*** Data

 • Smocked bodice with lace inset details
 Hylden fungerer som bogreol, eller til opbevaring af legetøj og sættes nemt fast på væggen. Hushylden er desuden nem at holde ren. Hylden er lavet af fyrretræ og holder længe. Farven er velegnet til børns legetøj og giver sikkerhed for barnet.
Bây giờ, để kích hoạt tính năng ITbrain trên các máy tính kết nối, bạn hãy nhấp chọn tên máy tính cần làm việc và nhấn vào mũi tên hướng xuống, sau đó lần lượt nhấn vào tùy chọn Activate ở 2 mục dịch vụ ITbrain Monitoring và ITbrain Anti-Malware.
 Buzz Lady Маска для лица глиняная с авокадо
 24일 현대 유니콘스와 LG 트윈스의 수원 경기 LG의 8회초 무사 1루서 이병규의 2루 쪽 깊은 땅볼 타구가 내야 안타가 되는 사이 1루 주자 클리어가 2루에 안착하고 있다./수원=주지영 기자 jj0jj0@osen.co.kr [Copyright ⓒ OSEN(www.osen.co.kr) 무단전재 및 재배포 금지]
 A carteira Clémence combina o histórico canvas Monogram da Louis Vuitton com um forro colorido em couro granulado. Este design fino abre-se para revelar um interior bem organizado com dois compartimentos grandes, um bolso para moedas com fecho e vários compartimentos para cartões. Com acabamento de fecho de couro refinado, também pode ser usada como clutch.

******
*** Data

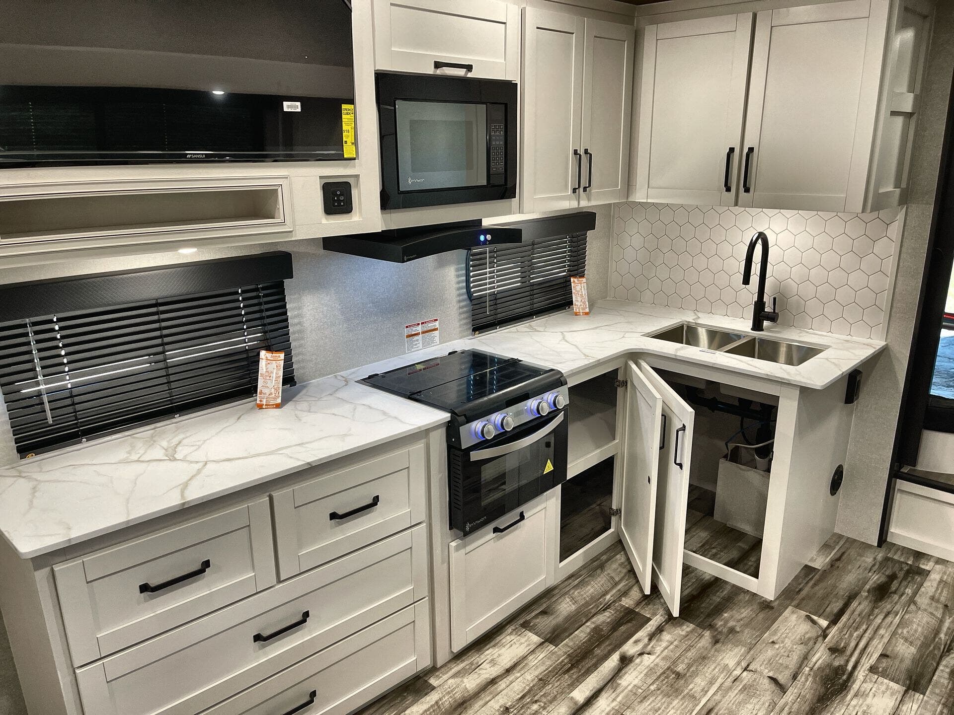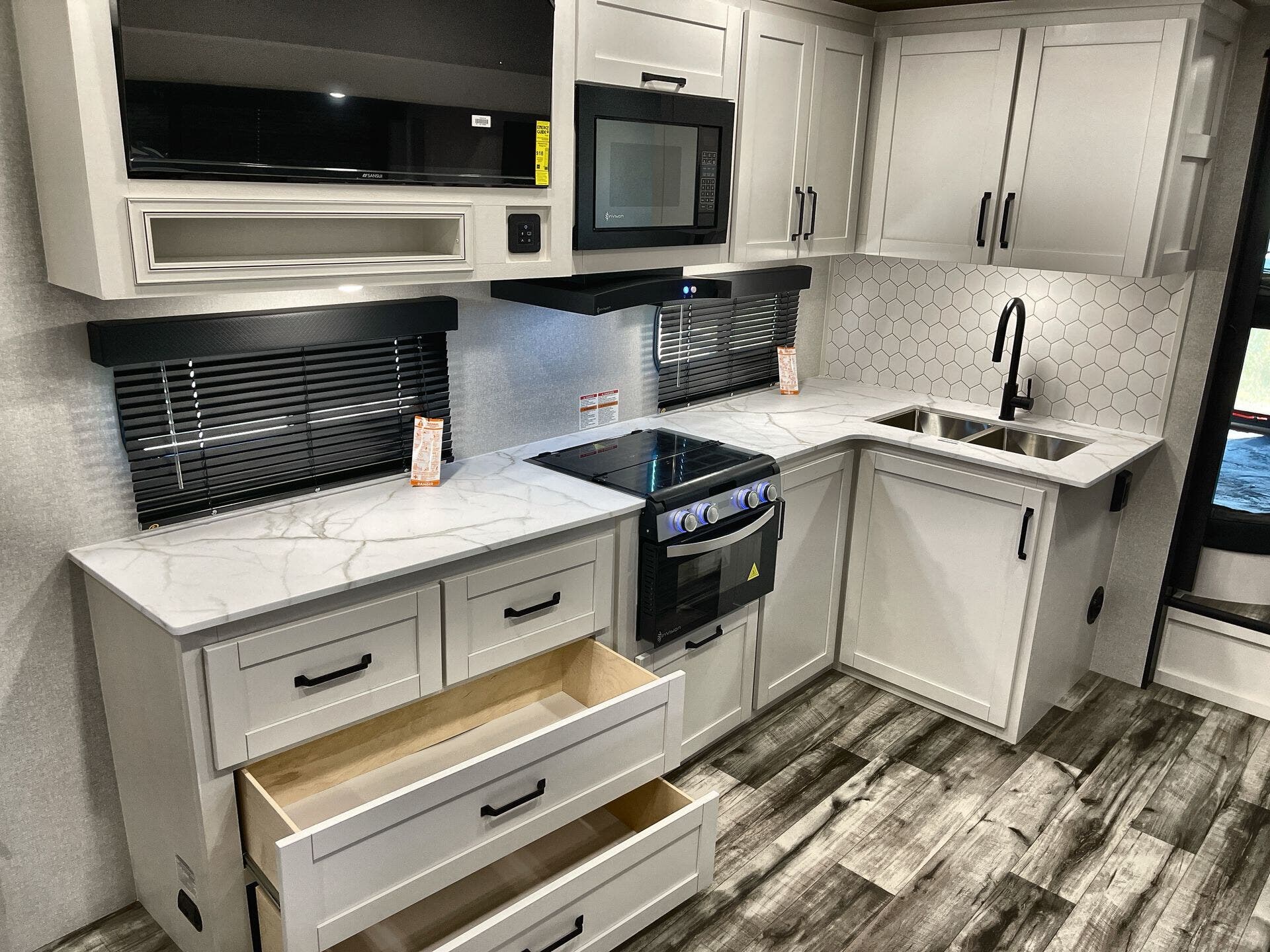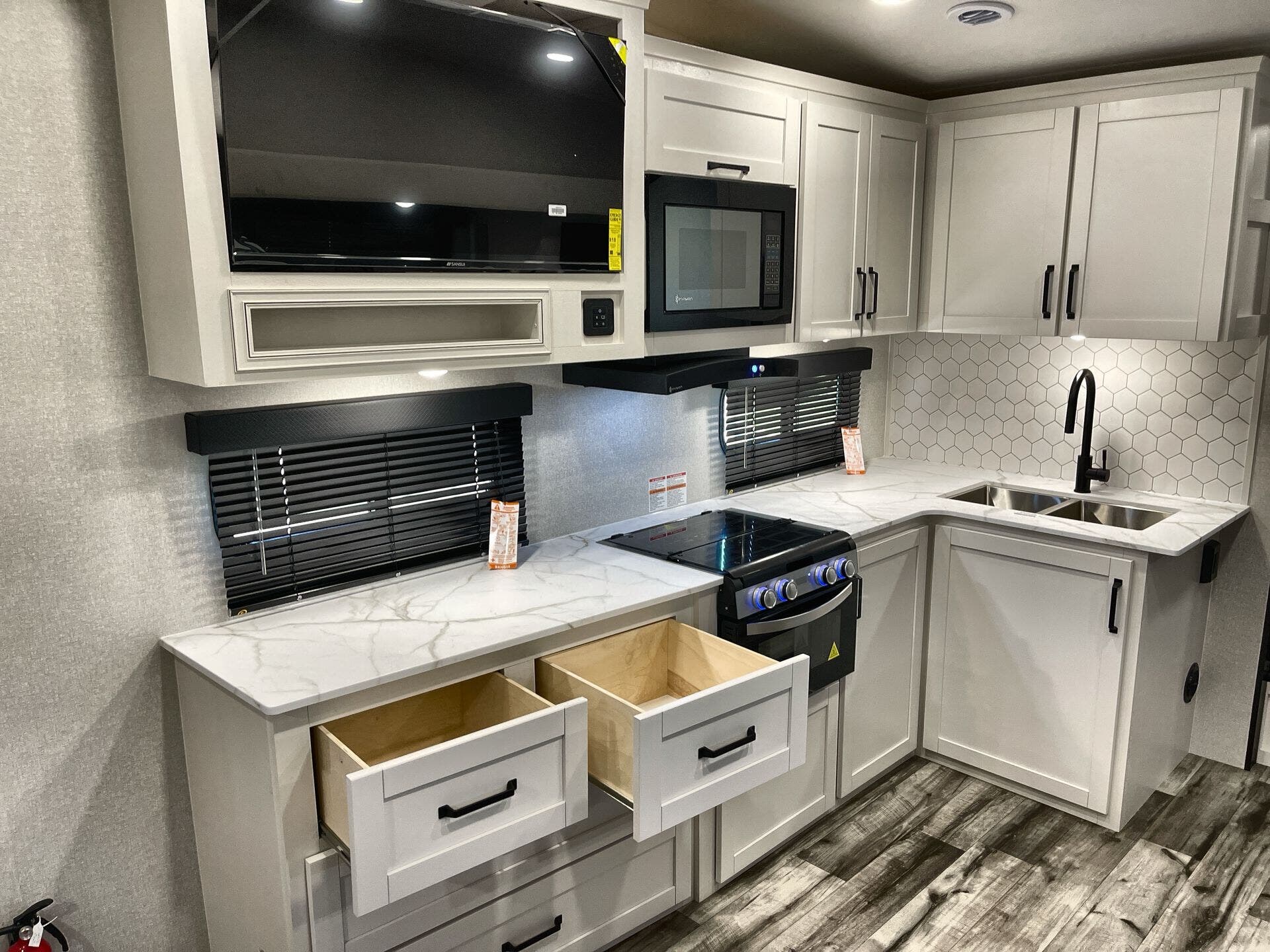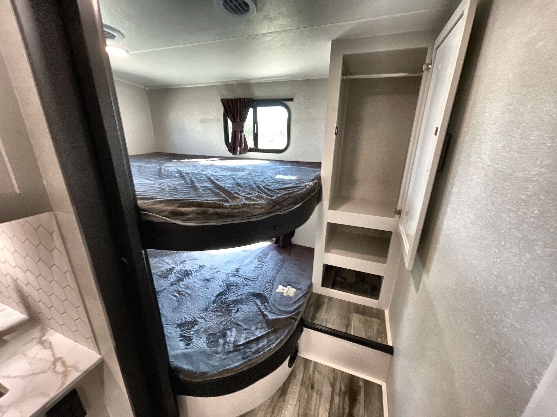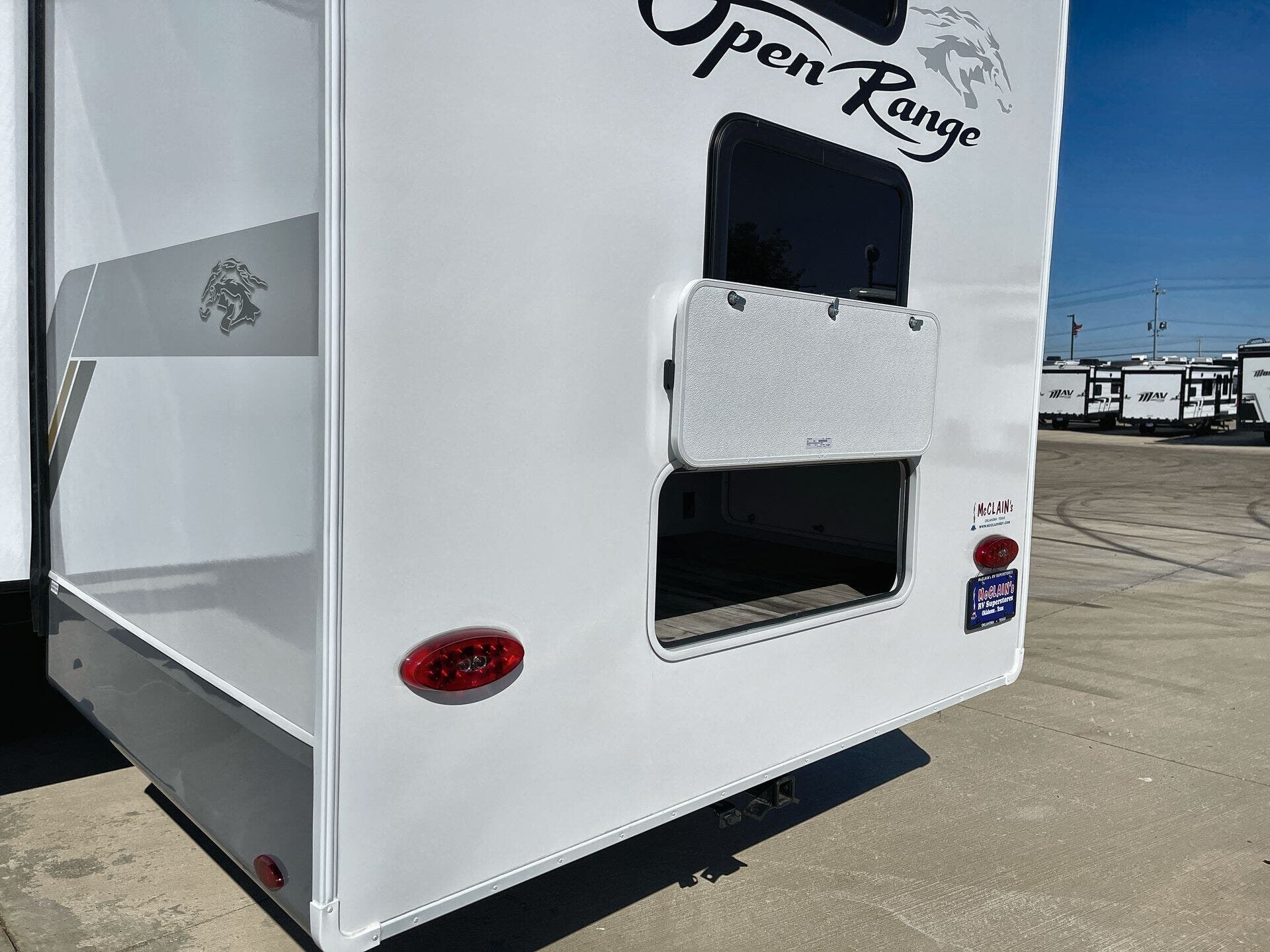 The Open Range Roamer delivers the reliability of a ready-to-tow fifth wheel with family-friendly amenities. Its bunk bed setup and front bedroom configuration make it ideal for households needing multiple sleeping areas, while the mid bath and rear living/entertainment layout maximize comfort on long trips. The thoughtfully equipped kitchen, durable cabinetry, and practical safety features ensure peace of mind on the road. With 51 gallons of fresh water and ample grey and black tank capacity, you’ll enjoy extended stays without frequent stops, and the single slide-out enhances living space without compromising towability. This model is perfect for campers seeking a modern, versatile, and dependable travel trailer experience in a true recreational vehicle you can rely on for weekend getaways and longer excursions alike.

******

When you reach the line holding "lace inset details" in the records above, begin reproducing exactly, stop after the line holding "A carteira Clémence", and output nothing else.

» **Task answer**
 • Smocked bodice with lace inset details
 Hylden fungerer som bogreol, eller til opbevaring af legetøj og sættes nemt fast på væggen. Hushylden er desuden nem at holde ren. Hylden er lavet af fyrretræ og holder længe. Farven er velegnet til børns legetøj og giver sikkerhed for barnet.
Bây giờ, để kích hoạt tính năng ITbrain trên các máy tính kết nối, bạn hãy nhấp chọn tên máy tính cần làm việc và nhấn vào mũi tên hướng xuống, sau đó lần lượt nhấn vào tùy chọn Activate ở 2 mục dịch vụ ITbrain Monitoring và ITbrain Anti-Malware.
 Buzz Lady Маска для лица глиняная с авокадо
 24일 현대 유니콘스와 LG 트윈스의 수원 경기 LG의 8회초 무사 1루서 이병규의 2루 쪽 깊은 땅볼 타구가 내야 안타가 되는 사이 1루 주자 클리어가 2루에 안착하고 있다./수원=주지영 기자 jj0jj0@osen.co.kr [Copyright ⓒ OSEN(www.osen.co.kr) 무단전재 및 재배포 금지]
 A carteira Clémence combina o histórico canvas Monogram da Louis Vuitton com um forro colorido em couro granulado. Este design fino abre-se para revelar um interior bem organizado com dois compartimentos grandes, um bolso para moedas com fecho e vários compartimentos para cartões. Com acabamento de fecho de couro refinado, também pode ser usada como clutch.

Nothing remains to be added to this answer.